'I can be changed by what happens to me, but I refuse to be reduced by it.'
- Maya Angelou
When you start having back pain, you turn to Google. You find all kinds of simple answers for the cause - likely you've strained something or overworked yourself, or in one scary little footnote you read that pain in a certain area could be a sign of cancer. But you dismiss it, because everyone around you dismisses it even if you bring it up directly. "Could this be cancer?" "No, it's not cancer..."
Considering that you've just come off birth control and started the 'life change' all women eventually go through you write off back pain and nausea as part of the transitions -- it's likely hormonal. But the weight loss was unexpected. It's weird - because it's always been a challenge to loose weight. Oh well, these pants finally fit! And you move on.
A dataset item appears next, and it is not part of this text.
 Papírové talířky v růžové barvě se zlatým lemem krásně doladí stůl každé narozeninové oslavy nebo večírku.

But the pain gets worse and is moving trough the abdomen and around the back. It hurts, and you've spoken to friends in the medical profession to get opinions. Thinking it's gal bladder or something, one night the pain is enough to send you to the ER. A CT reveals your gal bladder is fine, but you may have 'chronic pancreatitis' and should see a specialist. You're given a referral.
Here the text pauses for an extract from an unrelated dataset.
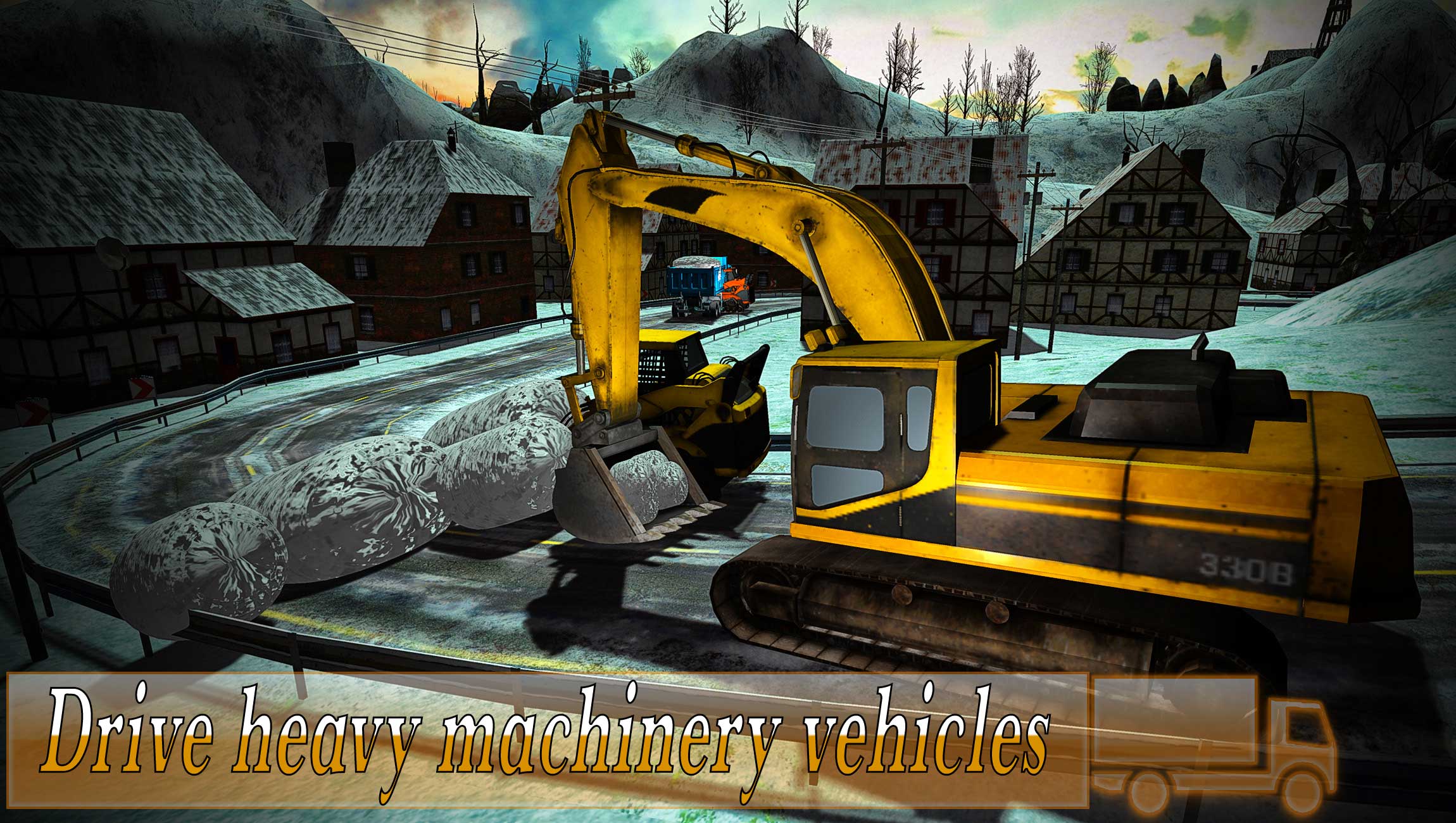 Heavy Snow Excavator Crane Op is equipped with amazing 3D visuals, engaging sound-effects, making you feel like a heavy machinery excavator operator, a snow plow and a dump truck driver, giving you the thrill of being a hero and rescuing people trapped due to snow-sliding in the mountain! Enjoy the chilly environment, with snow flakes falling and a blizzard brewing up as you carry out your rescue operation!

The specialist you see immediately orders an MRI, and before you can even speak to the doctor about results you have a digital copy of a report and photos in your inbox that reads "unresectable pancreatic cancer". This isn't real. The gastro doctor who was supposed to speak to you in a week suddenly moves his in person appointment up to a video call, and when connected, asks if you've seen the report - apologizing for doing this over video. You ask again, "Is this cancer?" Radiologists can be wrong, we need to double check. So a stat ultrasound is ordered, and a biopsy is taken during outpatient surgery at a cancer center. You see it for the first time. You're at a cancer center.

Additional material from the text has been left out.